I think there is a psychological advantage to moving a kid into their own room as a baby and letting them get used to their own personal space away from mum and dad. I feel like it sets them up to feel/be more independent as the years go by. Filling the room with familiar baby/kid stuff makes them feel more comfortable and you can only do that to an extent if you share a room with them.
My daughter is five and for the last two years she's been telling us about how she wants certain things to be in her room - how she wants the lighting to be at bed time, how her toys should be arranged on her bed, which pictures to put on the wall, etc. She likes to look through her wardrobe and drawers too to pick out her clothes for the day.
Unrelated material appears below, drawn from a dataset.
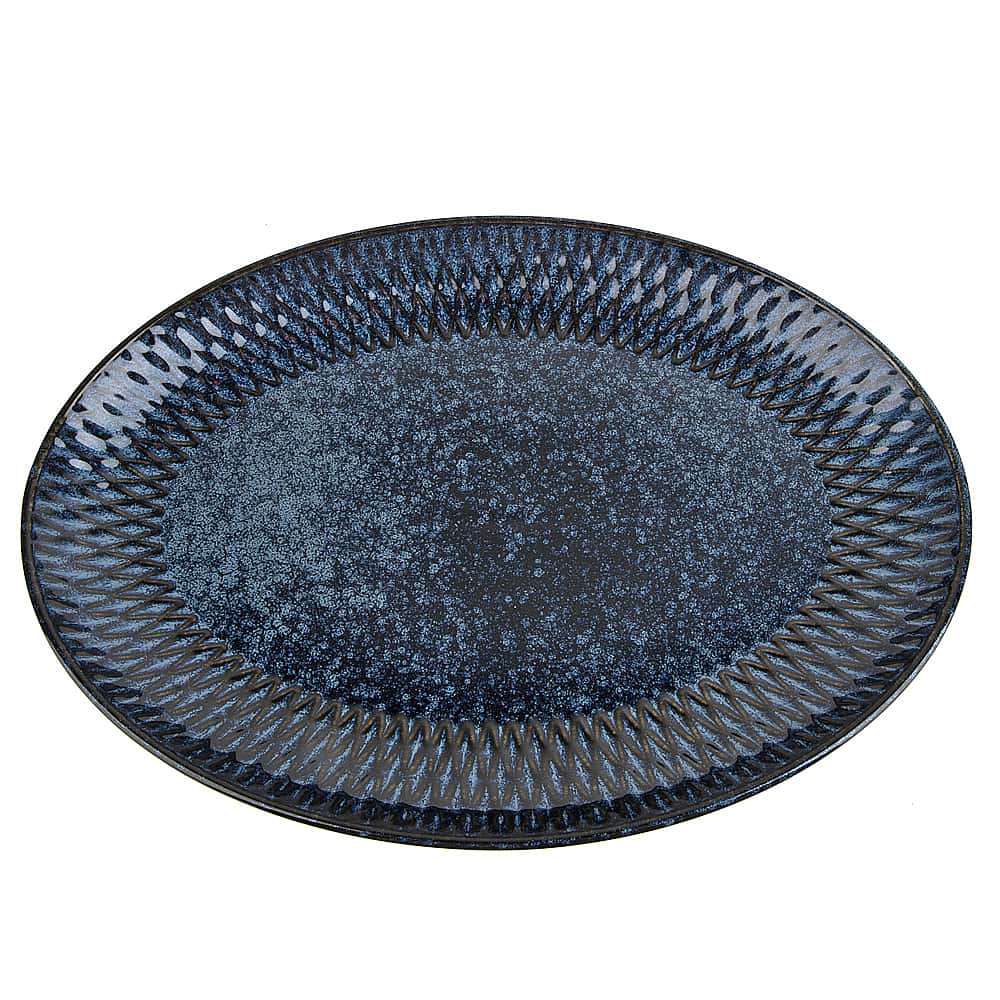 Сервировочное блюдо из коллекции "Бриз" изготовлено из высококачественной керамики, покрытой глазурью в глубоком синем цвете. Овальная форма идеально подходит для сервировки и подачи на стол закусок и вторых блюд.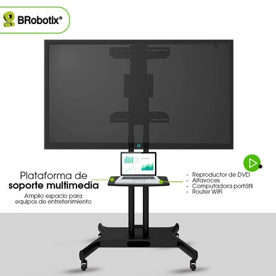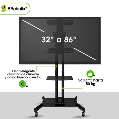 Soporte de piso - móvil, (de carrito) para pantalla 32 pulgadas, 86 pulgadas, resistencia 50 kg, brobotix 6007792

I can see that she appreciates having that control and confidence in her own space, and ultimately it's a way for her to express herself just by doing something like pick her own wallpaper.
You're asking for advice so mine is: get the extra room if you can afford the bigger place. Sharing your bedroom with a child for years doesn't sound fun and I genuinely don't think your husband realises what a pain it will be. When your baby turns into a toddler they will be rolling around in bed singing, making toddler noises, trying to get your attention when you just want to sleep, etc. You'll risk waking them up when you want to pee at 3am, snore, roll over and creak the bed. Night-time potty training is recommended for around four years old so if your child is still sleeping with you you'll have to do that in your room.
It will be a nightmare, seriously. Kids need their own space just like parents do. Some people make it work when they have to, but if you can afford the room, get the room.